To be honest I like the idea of merging HSDir with introduction point functionality in next generation hidden services, but it requires more code, more effort, more pain regarding legacy compatibility (which will be a problem). It has some unquestionable, clear benefits which I totally agree to, but I am not fully convinced we make a good deal here if we think about the tradeoffs.
Also worth mentioning, said it on other threads but saying it here since it's on topic: the OnionBalance testings I have performed demonstrated in practice, in the real network, that 6 introduction points for a hidden service should be just fine - the Guard will become a bottleneck long before the introduction points. I had on average about 2000 concurrent rendezvous circuits in any time of the day, this means an enormous amount of rendezvous circuits per 24 hours just with 2 introduction points.

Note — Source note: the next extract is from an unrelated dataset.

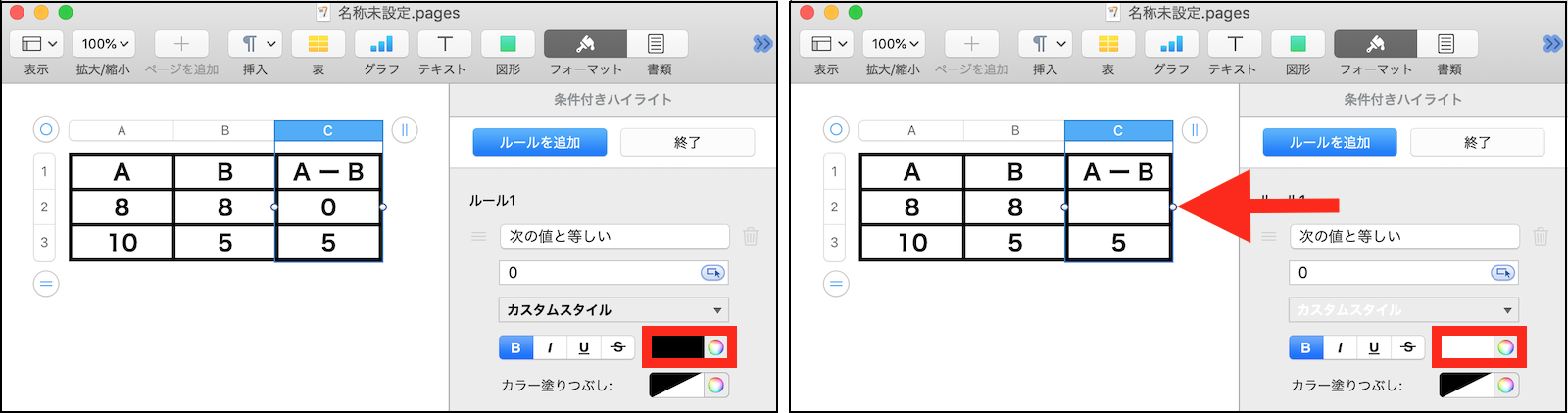 Pagesの表で計算した結果0の場合、非表示にしたいのですが、どうしたら良いのか教えてください。

On 8/20/2015 8:23 PM, George Kadianakis wrote:
Michael Rogers michael@briarproject.org writes:
On 12/07/15 22:48, John Brooks wrote:
1.3. Other effects on proposal 224
An adversarial introduction point is not significantly more capable than a hidden service directory under proposal 224. The differences are:
- The introduction point maintains a long-lived circuit with
the service 2. The introduction point can break that circuit and cause the service to rebuild it
Regarding this second difference: the introduction point (cooperating with a corrupt middle node) could potentially try to discover the service's guard by repeatedly breaking the circuit until it was rebuilt through the corrupt middle node. Would it make sense to use vanguards here, as well as on rendezvous circuits?
Hello,
currently we address this intro point guard discovery attack by having hidden services retry only 3 times. After those 3 times, they ditch that intro point and pick another one.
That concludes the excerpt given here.